NHL Refs Are Blowing The Most Important Calls Of The Playoffs
The NHL announced today that Winnipeg’s Josh Morrissey would be suspended for his team’s Game 5 against the Wild, after Morrissey smashed Minnesota’s Eric Staal with a cross check to the back of the head in Game 4.
There’s nothing particularly surprising about the suspension, especially in a year when the NHL Department of Player Safety seems to be especially stepping up its playoff discipline on dangerous checks. But what’s weird about the Morrissey play is that the Jets defenseman didn’t get any kind of penalty for his play during the game on Tuesday. Staal crumpled to the ice without a whistle.
One of the other two suspension-worthy plays so far this postseason also passed without any penalty, when L.A.’s Drew Doughty plowed into the upper body of Vegas’s William Carrier. Doughty would avoid the penalty box in Game 1, but be forced to miss Game 2.
And finally tonight, in the first period of a tense Lightning-Devils Game 4, Tampa Bay’s Nikita Kucherov delivered a dangerously high check on New Jersey’s Sami Vatanen. Vatanen went to the locker room, but Kucherov didn’t get called for a penalty, even though his hit seems like a definite cause for at least a discussion in the league office.
So what’s going on? Why haven’t these NHL refs been able to call penalties in what appear to be the most obvious penalty-calling situations? Of course, hockey is a fast game, and the difference between a low, feet-on-the-ground, legal check and a suspension-worthy play isn’t always immediately apparent. But these refs usually do fine with all the other penalties, so it doesn’t seem like a big ask to catch the serious ones. And even if that’s not possible, there are ways the NHL could help them out. I am utterly loath to suggest more opportunities for replay review in hockey, but if you can stop the action to see if a guy’s blade was two inches offsides before a goal, why not also let coaches challenge for potential game misconducts?

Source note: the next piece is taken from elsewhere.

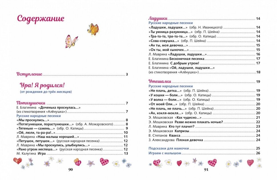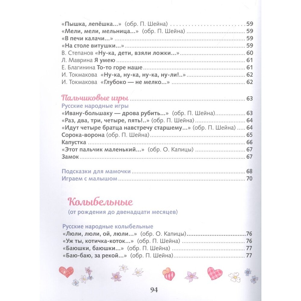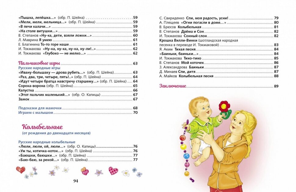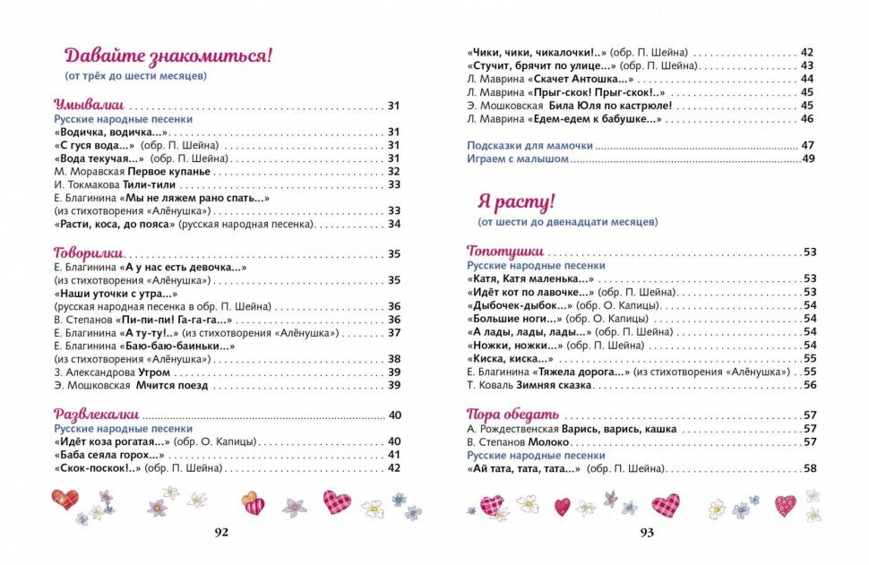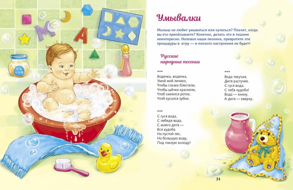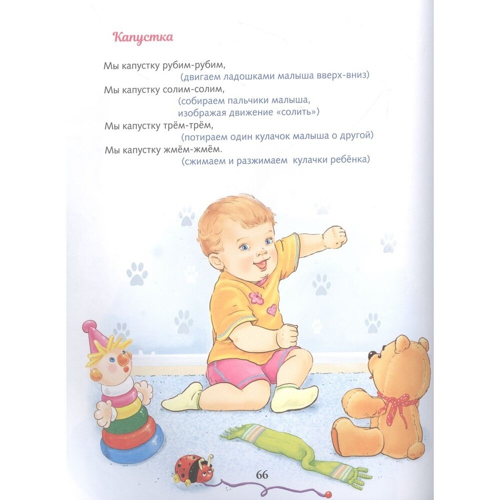 Наша книга станет для вас настоящим подарком. В ней собраны прибаутки, песенки и потешки, которые помогут вам сделать весёлыми и полезными ежедневные процедуры, необходимые в жизни каждого малыша. Кроме того, в книге есть раздел "Подсказки для мамочки", в котором вы узнаете, какие упражнения нужно выполнять младенцу, как с ним общаться, чтобы ваш малыш вырос умным и здоровым.
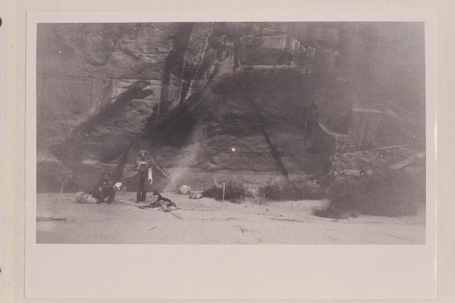 Bert Loper's Cave. Loper is standing by the fire. The figure on the bedroll appears to be Christensen. Wright Bar opposite Navajo Creek, Colorado

Whatever the issue is, these missed penalties in the first round are giving rise to a frustratingly delayed system of justice that draws attention away from what’s actually happening on the ice. Besides the near 24-hour delay in discipline that must drive coaches crazy, the one-game suspensions where game misconducts probably would have sufficed can create the perception that the NHL is overdoing the punishment on the back end to make up for the incorrect non-calls. While it’s on players first to learn how to play safely, the refs have a huge responsibility to police the egregious offenses where they occur. And in an ideal scenario, all but the absolute worst cases can be resolved during the game. The less the league office can be involved, the better.